Beal's comments coincide with the latest report - Regional Economic Outlook: Asia and Pacific - published by the International Monetary Fund (IMF), which states Asia is leading the global recovery for two key reasons.

The first of these is private domestic demand, which is expected to remain robust. The second reason is the global and domestic inventory cycle, which the IMF says is likely to boost Asia's industrial production and exports further for most of 2010, as demand finally recovers in developed economies.

Beal is also bullish on the Asian consumption story. He says the region needs to start looking to build on export relationships with developing markets elsewhere, and relying less on the West. "If Asia has learnt anything in the last couple of years it is that you cannot rely on the West anymore, public debt and consumer debt is unsustainable."

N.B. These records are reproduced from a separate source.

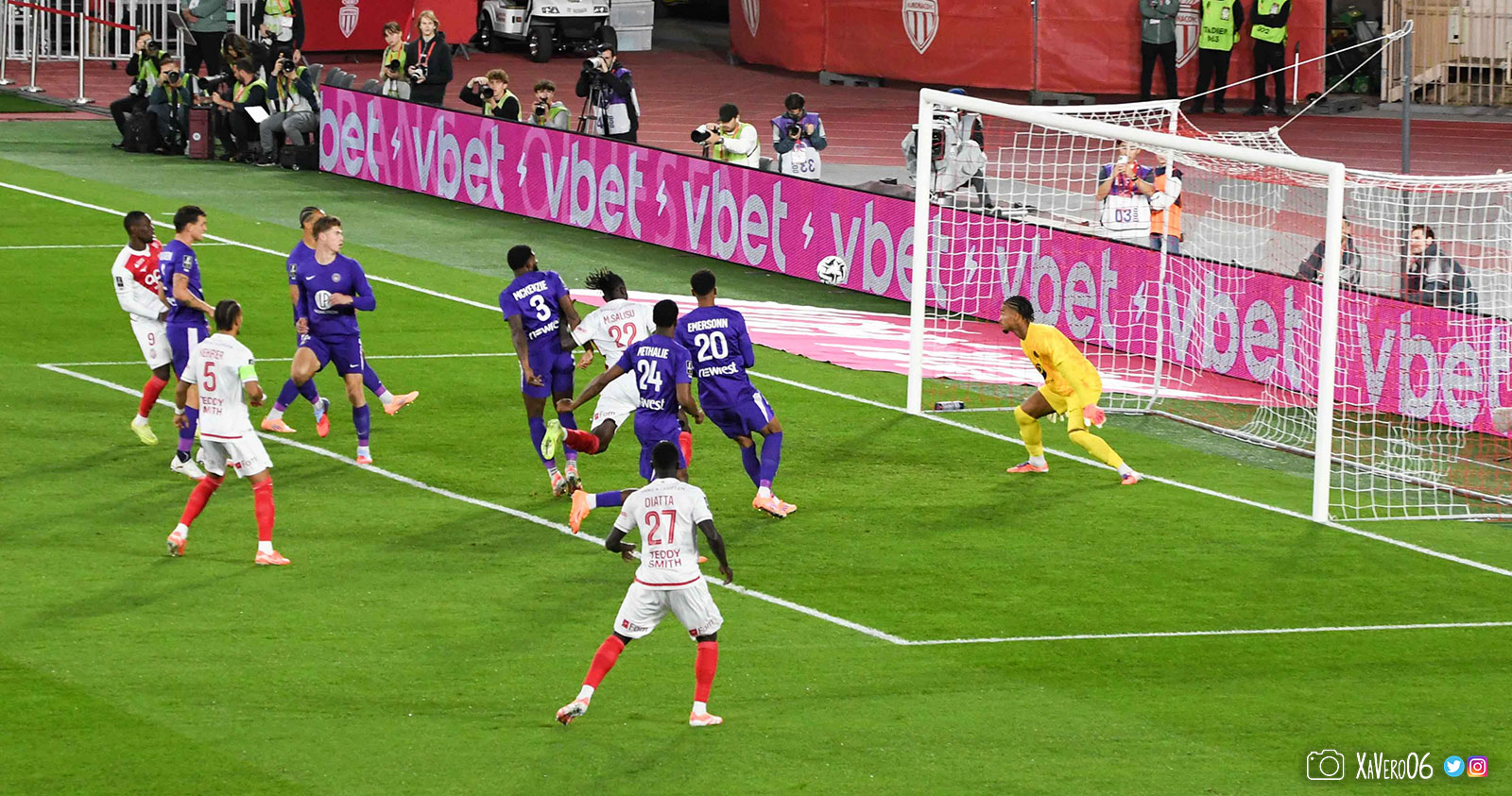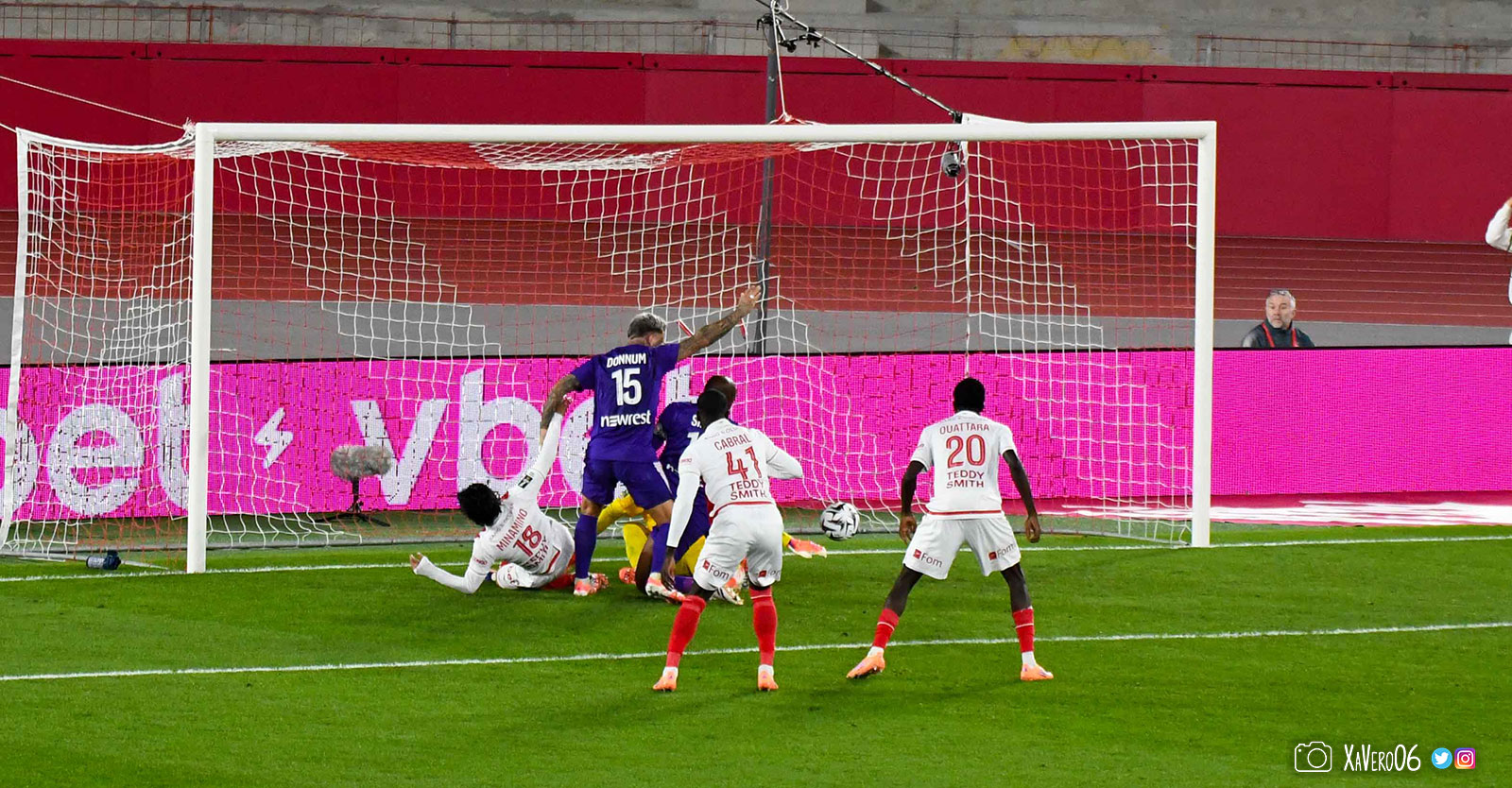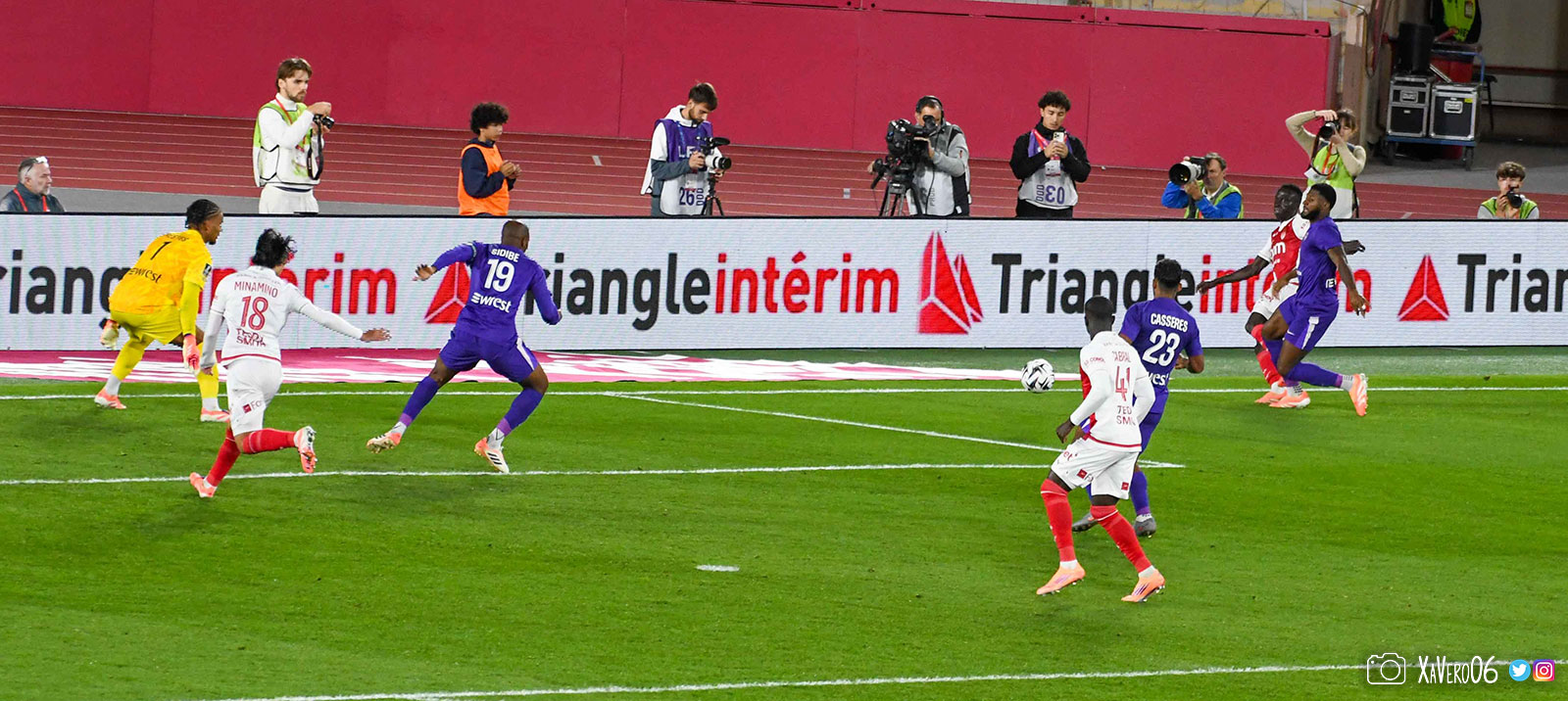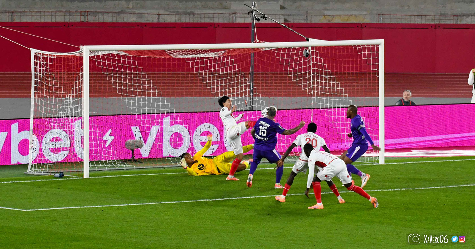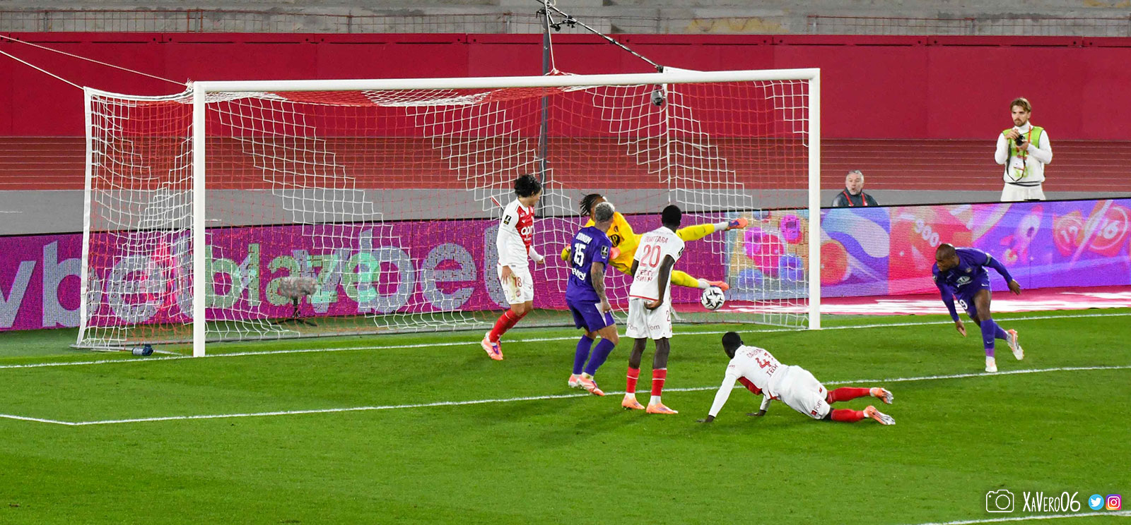 - Long ballon monégasque rendu par Dønnum à Ouattara aux 25m sur la gauche, qui accélère pour rentrer dans la surface à gauche et adresse un centre aux 6m où Folarin Balogun vient couper et reprendre du plat du pied droit. Restes repousse d'un réflexe devant son but aux 6m où Ansu Fati se précipite pour reprendre ... devant Takumi Minamino et met le ballon à côté alors que le gardien était encore au sol (35e).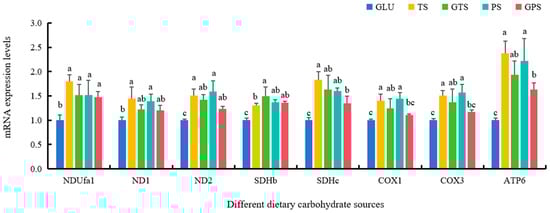 Effect of dietary carbohydrate sources on mRNA expression levels of mitochondrial respiratory electron transport chain genes in largemouth bass (n = 3). Bars with different superscripts are significantly different (p < 0.05). NDUfa1, NADH:ubiquinone oxidoreductase subunit A1; ND1, NADH dehydrogenase subunit 1; ND2, NADH dehydrogenase subunit 2; SDHb, succinate dehydrogenase complex iron sulfur subunit B; SDHc, succinate dehydrogenase complex iron sulfur subunit C; COX1, cytochrome c oxidase I; COX3, cytochrome c oxidase III; ATP6, ATP synthase 6.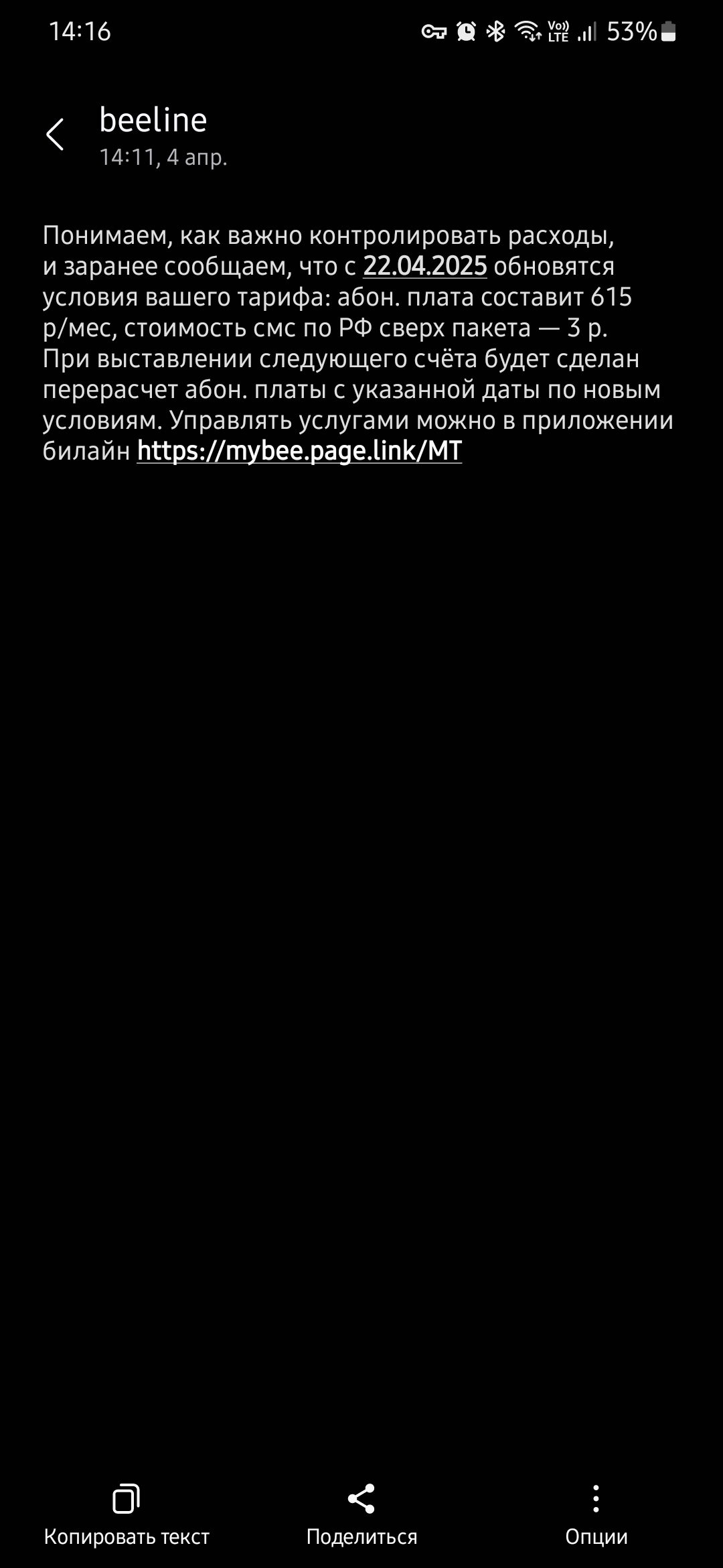 Winchester163 6 месяцев назад Билайн опять поднимает цены Был тариф 515р. Теперь будет 615р. Практически сразу 20% сверхуИнфляция ж 9-10% Текст Билайн Цены Длиннопост 1 Ещё 0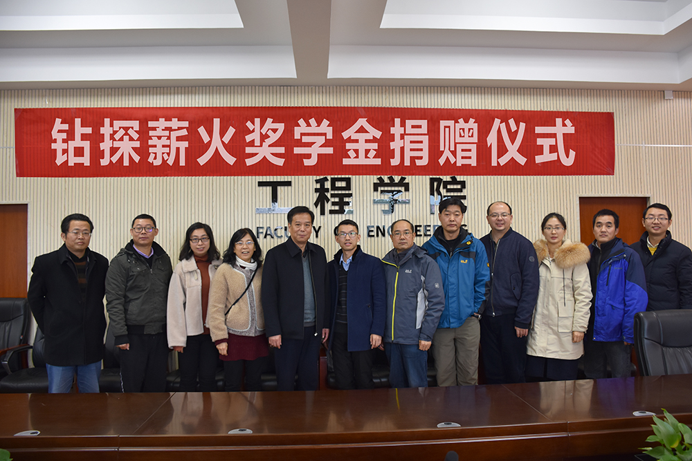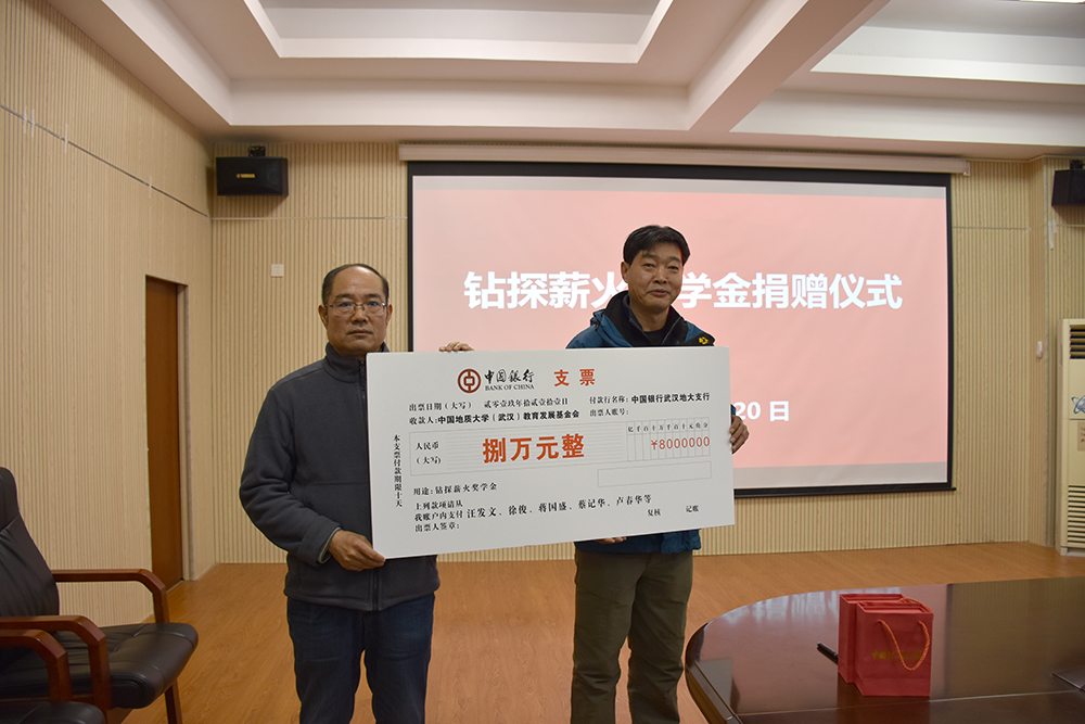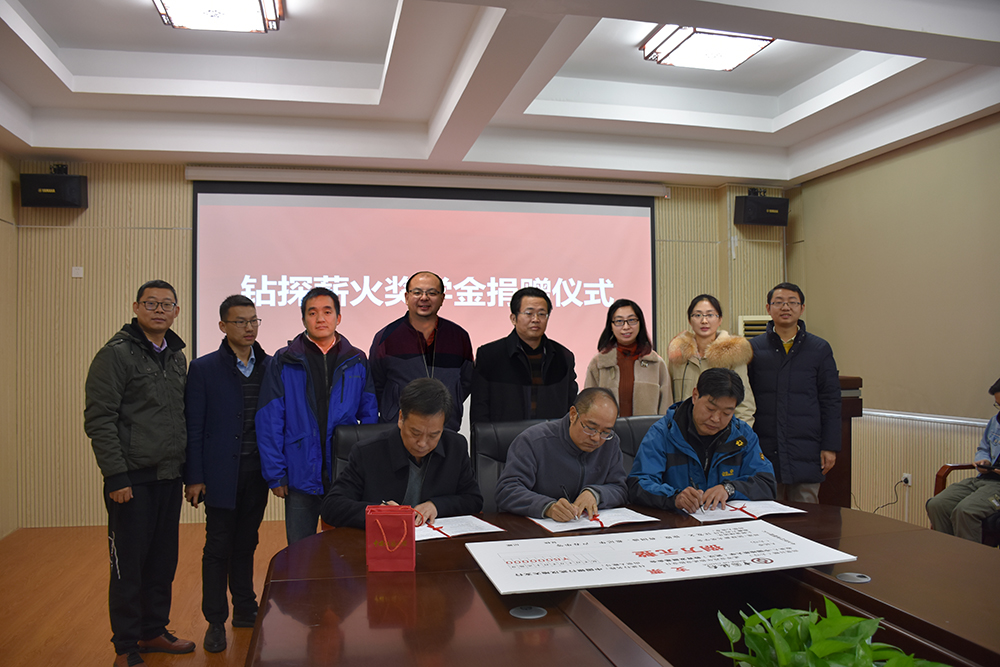 12月20日,bevictor伟德官网“钻探薪火奖学金捐赠仪式”在工程楼315会议室举行。湖北省城市地质工程院勘查部主任汪发文、副主任徐俊,员工工作与教育基金管理处副处长吕占峰,bevictor伟德官网党委书记陈飞,副书记江广长,勘察与基础工程系教授段隆臣、蔡记华、卢春华及2017级部分员工代表参加捐赠仪式。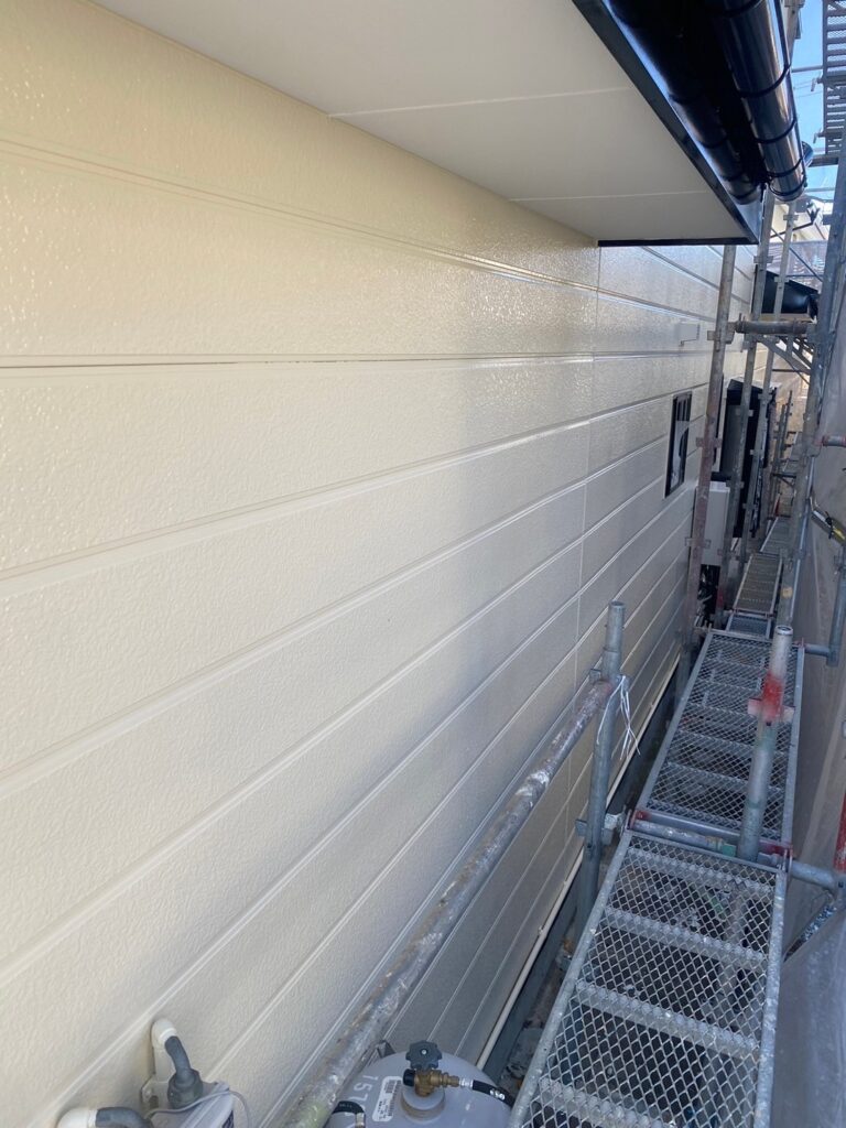 ・中塗り・仕上げ塗材に関西ペイントのセラマイルド(ジプトーン色)を塗布いたしました。(下写真2枚)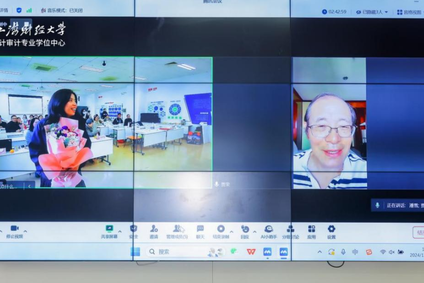 下午,身在世界各地的校友们在会计学院108室通过连线方式,共忆往昔同窗情谊,畅谈如今蓬勃发展。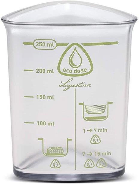 Ecodose Lagostina, misurino liquidi per pentola a pressione. Indica la quantità minima di liquido da inserire durante la cottura. Forma triangolare e pratico bordo a versare per evitare di rovesciare i liquidi. Lavabile in lavastoviglie.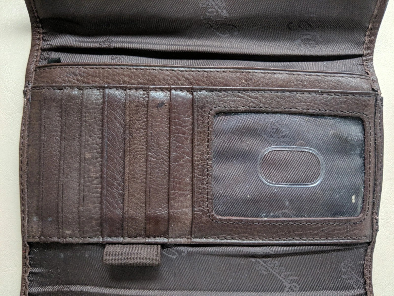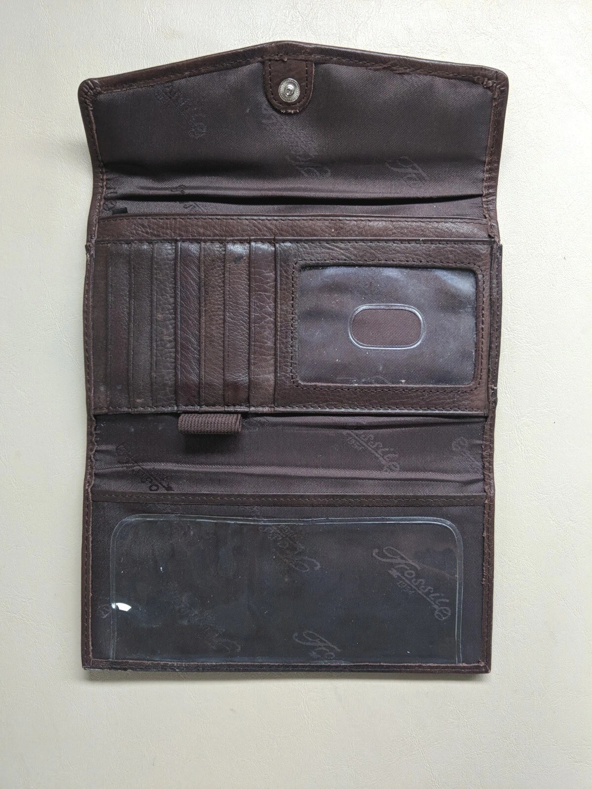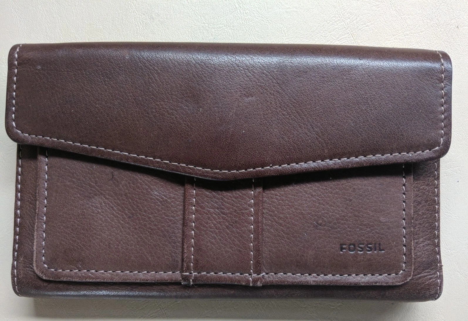 - Fossil Medium Sized Brown Leather Envelope Bifold Wallet with Card Slots U7

"The idea that the West can keep mopping up cheap exports from Asia is not going to happen anymore. Asia needs to look to developing markets instead," he says. Beal believes Asia has already benefited from trading with markets and regions such as the Middle East, Africa, Latin America and emerging Europe, particularly Russia. Demographic and consumer factors have also helped Asia become an attractive investment opportunity.

"The Asian workforce is continuing to grow, this means there are more and more people able to earn money to save and to spend in Asia," he says.

"Consumer credit is a fraction of what it is in the West, the Asian consumer is not leveraged. There is an incentive to buy things in Asia now and the region is definitely at the start of the credit cycle."

He also points to Asian banks and public finances, which he says are in great shape, with the proportion of disposable income being saved averaging over 30 per cent for China and Singapore. In comparison the rate for the UK and US stand at about five and four per cent respectively. Public debt as a percentage of GDP stands at around 32 per cent in Asia ex Japan, compared to just under 90 per cent in the G7 countries.

China as a market stands out in the region, Beal notes. The Pacific Investment Trust's ability to outperform its benchmark MSCI AC Asia Ex Japan index by about 11 per cent in the year to 31 December 2009 is largely down to investing in this one market. Of that 11 per cent, Beal says Chinese stocks such as Tencent Holdings accounted for about half, or 5.5 per cent, with another 3.3 per cent coming from the trust’s net gearing.
 
"Over a ten year view growth investing is the right approach, it has just been that the last few years have been quite tough in Asia," he says.